Manual

Obtaining TeaSeis.jl

Pkg.add("TeaSeis")

Using TeaSeis.jl

Quick start guide

First, load the TeaSeis.jl library:

using TeaSeis

writing

  • Create a new JavaSeis file with a 3D framework (128 samples per trace, 32 traces per frame, and 16 frames per volume):
io = jsopen("filename.js", "w", axis_lengths=[128, 32, 16])

Note that by default, SAMPLE, TRACE, and FRAME will be the axes properties.

  • Allocate traces and headers for a single frame:
trcs, hdrs = allocframe(io)
  • Populate trcs, and hdrs with values.

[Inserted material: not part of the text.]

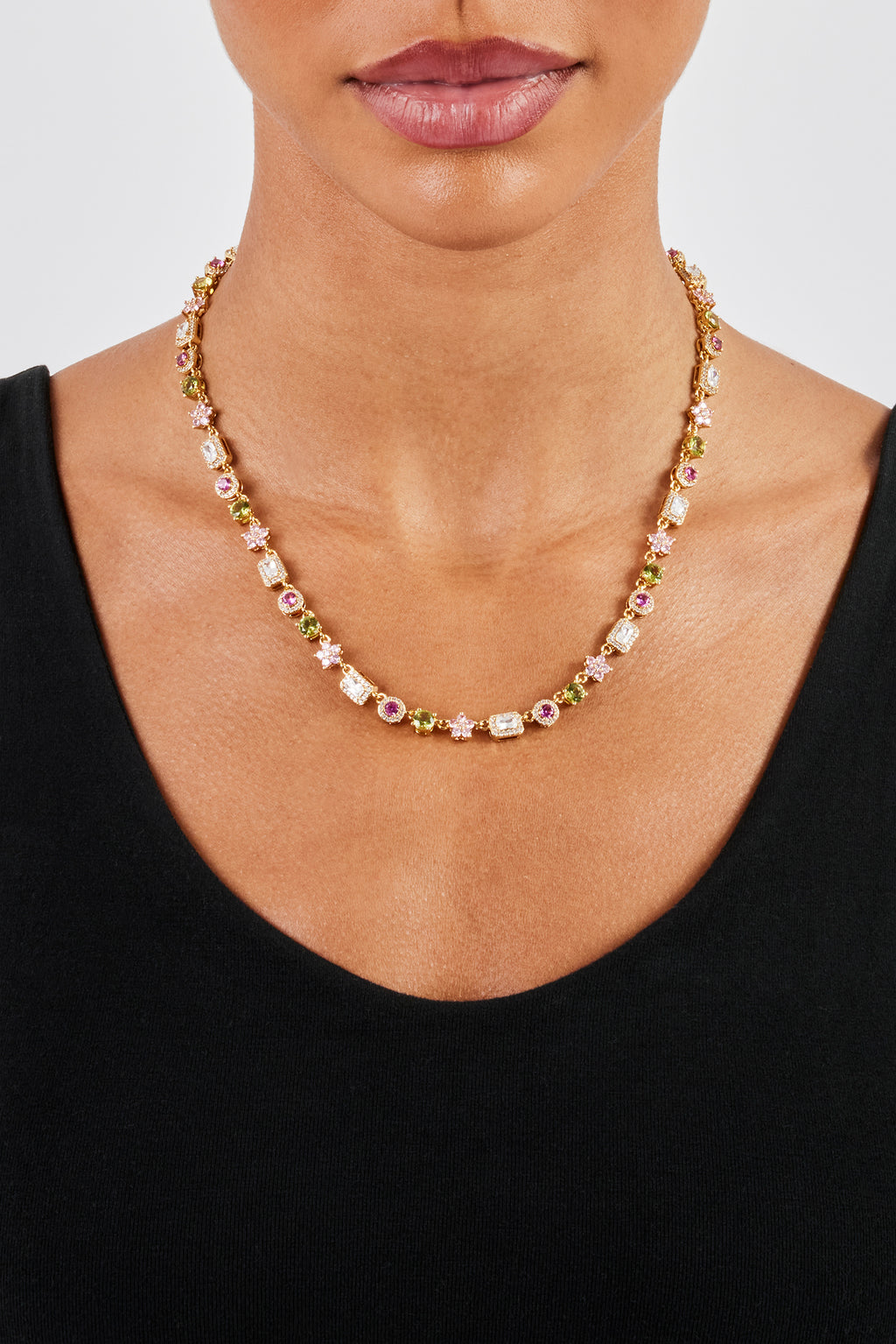 Diese Kette kombiniert bunte Edelsteine mit floral inspirierten Gliedern für einen frischen, auffälligen Look. Sie ist die perfekte Mischung aus verspielt und elegant.

For example, write random values to all traces in the first frame:
map(i->set!(prop(io, stockprop[:TRC_TYPE]), hdrs, i, tracetype[:live]), 1:size(io,2))
map(i->set!(prop(io, stockprop[:TRACE]   ), hdrs, i, i               ), 1:size(io,2))
map(i->set!(prop(io, stockprop[:FRAME]   ), hdrs, i, 1               ), 1:size(io,2))
rand!(trcs)
writeframe(io, trcs, hdrs)
  • Close the file
close(io)

reading

  • Open a new JavaSeis file from an existing dataset:
io = jsopen("filename.js", "r")
  • Read the first frame:
trcs, hdrs = readframe(io, 1)

or a similar in-place version:

trcs, hdrs = allocframe(io)
readframe!(io, trcs, hdrs, 1)
  • Access values stored in a trace property for the first trace in the frame:
get(prop(io, stockprop[:TRACE]), hdrs, 1)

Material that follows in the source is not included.